As Hayek wrote in The Fatal Conceit:
The curious task of economics is to demonstrate to men how little they really know about what they imagine they can design.
Evidently, the US now has lots of natural gas. There is a question of whether we should export some of it. Who knows whether that is good or bad for America? Ron Wyden knows. Or at least he wants to know. The Washington Post reports:
“We have so much gas we don’t know what to do with it, and it’s unlikely that we can create enough demand for all the gas coming on stream,” said Cherif Souki, chief executive of Cheniere Energy, which is spending $10 billion to add LNG export capability to an idle import facility in Sabine Pass, La.
Cheniere has its permit, but Dominion is one of 15 companies that have applications pending at the Energy Department to build export facilities.
Not so fast, Wyden says. He wants to be sure gas exports don’t raise prices and hurt U.S. consumers and manufacturers.

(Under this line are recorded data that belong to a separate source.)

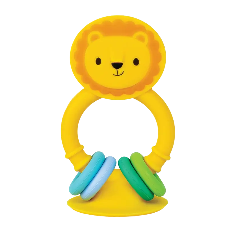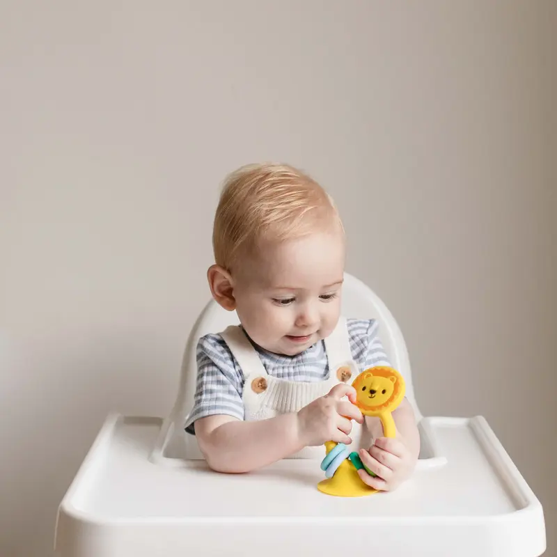 מצמידים את האריה בעזרת כוס היניקה למשטח חלק, ומאפשרים לתינוק למשוך, לדחוף, לגעת ולנשוך.
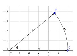 En la figura de la izquierda se presenta un ángulo en posición normal (vértice en el punto \((0,0)\) y sentido de giro positivo), formado por las semirectas \({\rm u}\) y \({\rm v} \) el cual posee una longitud de arco \(s\).
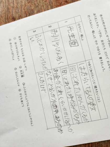 「どうしてここに行きたいの?」ときくと、「神社はいつからあるのか聞きたいから」「郵便局に行ったことないから」といった答えが返ってきました。中には、「消防士さんになるためにどうしたらいいか聞きたい」という声もありました。
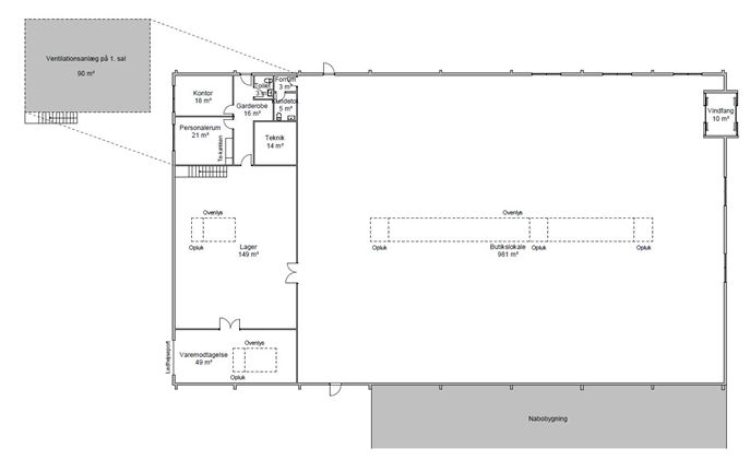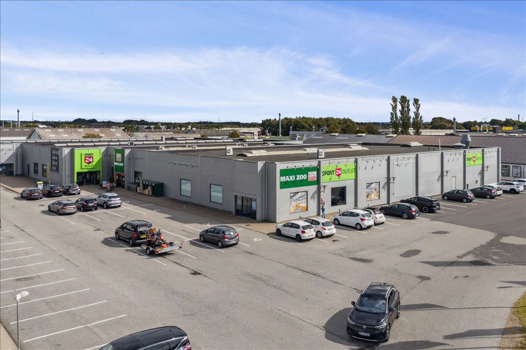 Ejendommen er beliggende med facade direkte mod den trafikerede Randersvej. Ejendommen er beliggende som den første box-butik, når de handlende tilgår handelsområdet fra Randersvej. Med lejemålets aflange facade, er det nok den bedst beliggende box-butik, for at opnå optimal eksponeringsmuligheder. Box-butikken er beliggende i samme handelsområde som Netto, Maxi Zoo, Skousen mv.Ejendommen er indrettet med et stort salgsareal på ca. 1.000 m² med højt til loftet, hvilket giver mange indretningsmuligheder. Ejendommen er udstyret med loftsbelysning, ventilation- og klimaanlæg for at sikre et optimalt indeklima. Lager og personalefacilitere udgør samlet ca. 300 m², hvor der til lageret er port indgang i niveau.
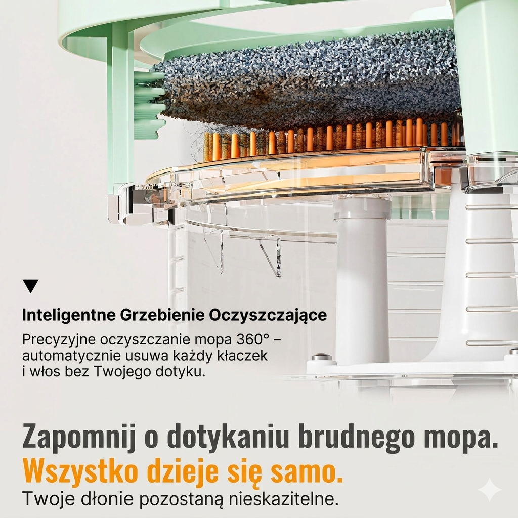 - Zero kontaktu z brudem: System 360° precyzyjnie wyczesuje każdą nitkę, włos i kłaczek prosto do brudnej wody. Ty tylko kręcisz – reszta dzieje się sama!
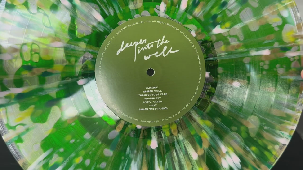 ‘Deeper Into The Well’, the expanded edition of Kacey Musgraves sixth studio album, comes exclusively pressed to four colour splatter LP with green liquid, complete with second olive green bonus disc - Combining Deeper Well and Deeper Into The Well for the first time on a physical format. With rolling acoustic guitars, puffy clouds of strings and synth, warm bass punctuations, layered harmonies, moments of Celtic melodies, Kacey surveys her life and priorities, recognising what feeds her, drains her and even examines the childhood she’s left behind on her way to now. Saturn returns, cardinals embody a dead friend, love is given and taken, streets rush by, belongings are packed and old chapters deserted, new love blooms, jade bracelets serve as talismans, deep lessons emerge, small details define everything, the woods are a refuge and New York City serves as the same gleaming beacon as Oz
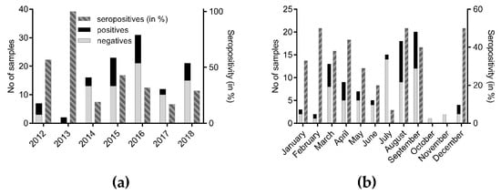 Generally, seasonality of seroprevalence in bats may result from differences in infectious status, behavioral ecology, and population dynamics among bat species [44]. In our study, the highest numbers of seropositive samples were found in August and September, as well as in March and April. The peak in seroprevalence in late summer seems to corroborate the assumption that the breeding period may favor virus transmission and subsequent infections, as demonstrated for Eptesicus fuscus [44]. Of note, significantly higher seroprevalences in this period were also demonstrated in France and Spain [25,45,46]. However, confounding effects cannot be excluded. For example, bat lyssavirus-specific antibodies were shown to persist up to four years in European bats, as exemplified for EBLV-1 [25]; thus, the antibodies detected in bats might not reflect recent exposure to lyssaviruses but might have been acquired much earlier. Additionally, the high degree of variation in seropositivity over time is partly influenced by a low sample size (Figure 2).
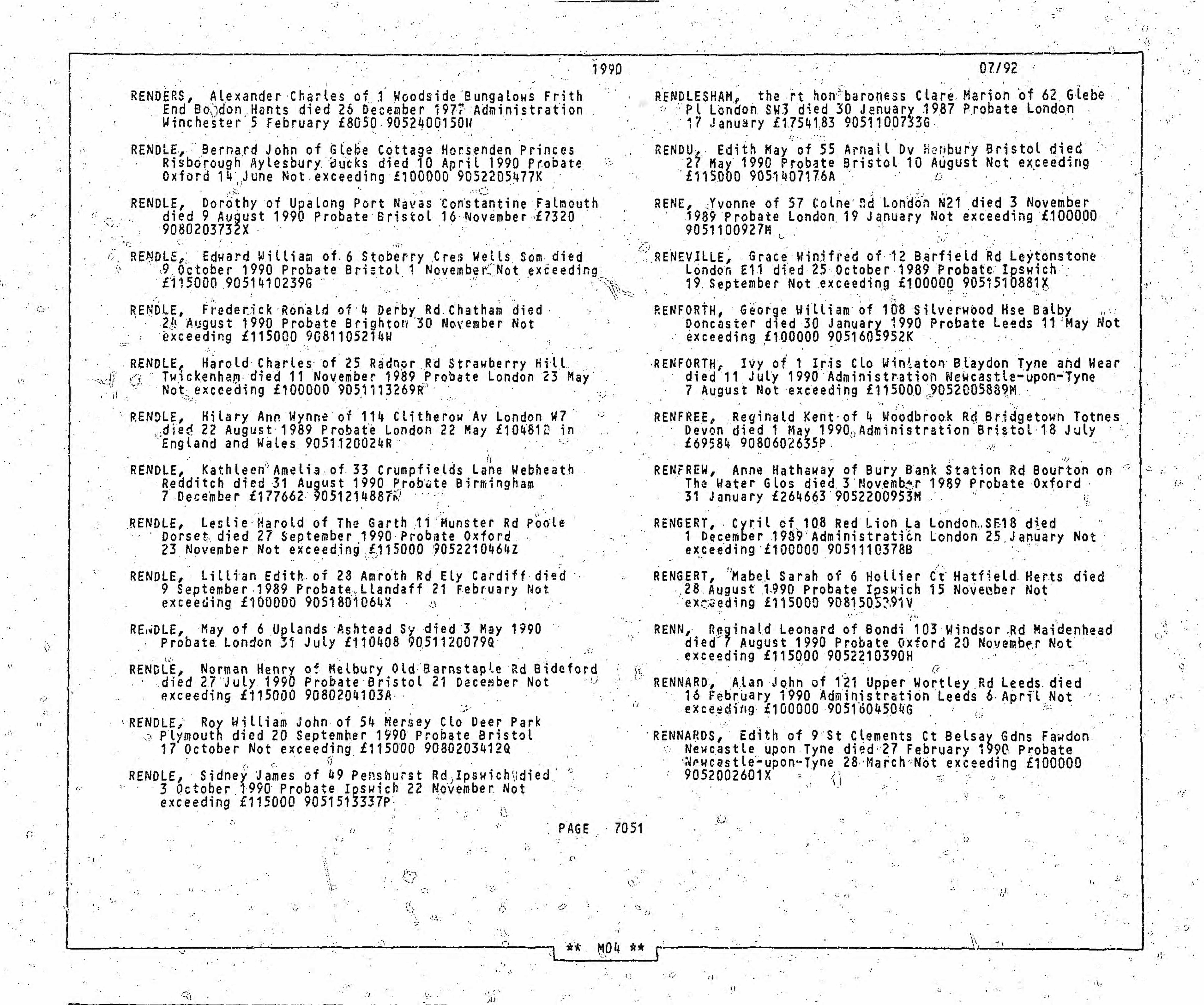 Death of Clare McCririck, Rt Hon Baroness Clare Marion Rendlesham; probate London, 17 January 1990

Under current law, the Energy Department must decide whether an LNG gas export operation safeguards domestic needs and meets the public interest, especially for gas going to countries with which the United States does not have a free-trade agreement. Japan is one of those countries.
On Wednesday, the Energy Department released a long-awaited study, carried out by NERA Economic Consulting, that acknowledged exports would raise U.S. gas prices. But it said that in all of the scenarios it modeled, “LNG exports have net economic benefits in spite of higher domestic natural gas prices. This is exactly the outcome that economic theory describes when barriers to trade are removed.”
Natural gas is a commodity. Increasing the world supply will lower its price. Discouraging American sources from coming on line because they cannot be exported will raise the price of natural gas world-wide including here. Turning natural gas into a political football is good for Senator Wyden and his friends. Bad for the rest of us.